Mereka secara keseluruhan lebih mampu menahan keinginan, terutama untuk makanan gurih, dan menunjukkan kemampuan yang jauh lebih kuat untuk menghindari makanan yang paling mereka idamkan.
Profesor Chris van Tulleken, penulis lainnya, mengatakan studi ini menunjukkan betapa kuatnya lingkungan pangan dalam membentuk kesehatan.
Ia menekankan perlunya perubahan kebijakan yang membuat makanan sehat lebih mudah diakses, lebih terjangkau, dan lebih menarik.
Alih-alih hanya berfokus pada pilihan pribadi, katanya, upaya harus menargetkan cara perusahaan makanan mempromosikan dan menjual makanan ultra-olahan.
Para peneliti juga mengukur penanda kesehatan lainnya seperti tekanan darah, detak jantung, dan hasil tes darah.

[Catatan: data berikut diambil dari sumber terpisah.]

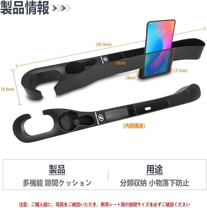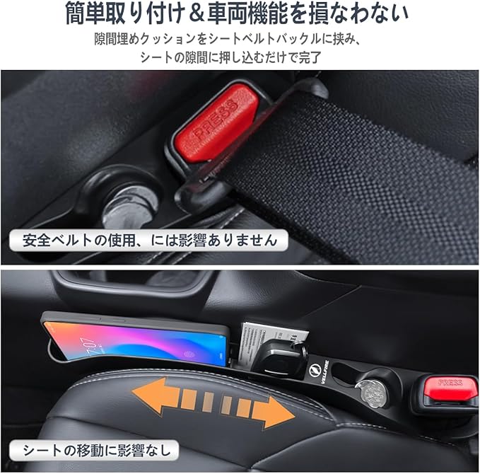 【収納スペース拡張&快適な車内環境】シートとセンターコンソールの隙間を活用し、ヴェルファイア シートサイドクッションを使用することで、より多くの収納スペースを確保。VELLFIRE隙間クッションは、車内をより快適で使いやすい空間にしますVELLFIRE隙間埋めクッションとしてだけでなく、ヴェルファイア シートサイド収納ボックスとしても活躍します。さらに、ヴェルファイアシートサイド収納ボックスは車内のデザインと一体化し、違和感なくフィットすることで、統一感を高め、より洗練された雰囲気を演出します。

Mereka tidak menemukan perubahan negatif yang signifikan pada kedua diet tersebut, tetapi mereka juga mencatat bahwa studi yang lebih lama diperlukan untuk sepenuhnya memahami dampaknya terhadap kesehatan jangka panjang.
Profesor Rachel Batterham, penulis senior studi tersebut, menunjukkan bahwa kebanyakan orang di Inggris tidak mengikuti semua pedoman makan sehat nasional.
Pola makan dalam uji coba lebih sehat daripada yang biasa dikonsumsi peserta, yang mungkin menjelaskan mengapa bahkan pola makan ultra-olahan dalam studi tersebut tidak menyebabkan bahaya.
Namun, ia mengatakan saran terbaik adalah mengikuti pedoman nutrisi sedekat mungkin, mengonsumsi lebih banyak makanan utuh yang kaya serat, dan membatasi makanan olahan jika memungkinkan.
Studi ini didukung oleh National Institute for Health and Care Research, UCLH Biomedical Research Centre, dan Rosetrees Trust.
Studi ini dipublikasikan di Nature Medicine.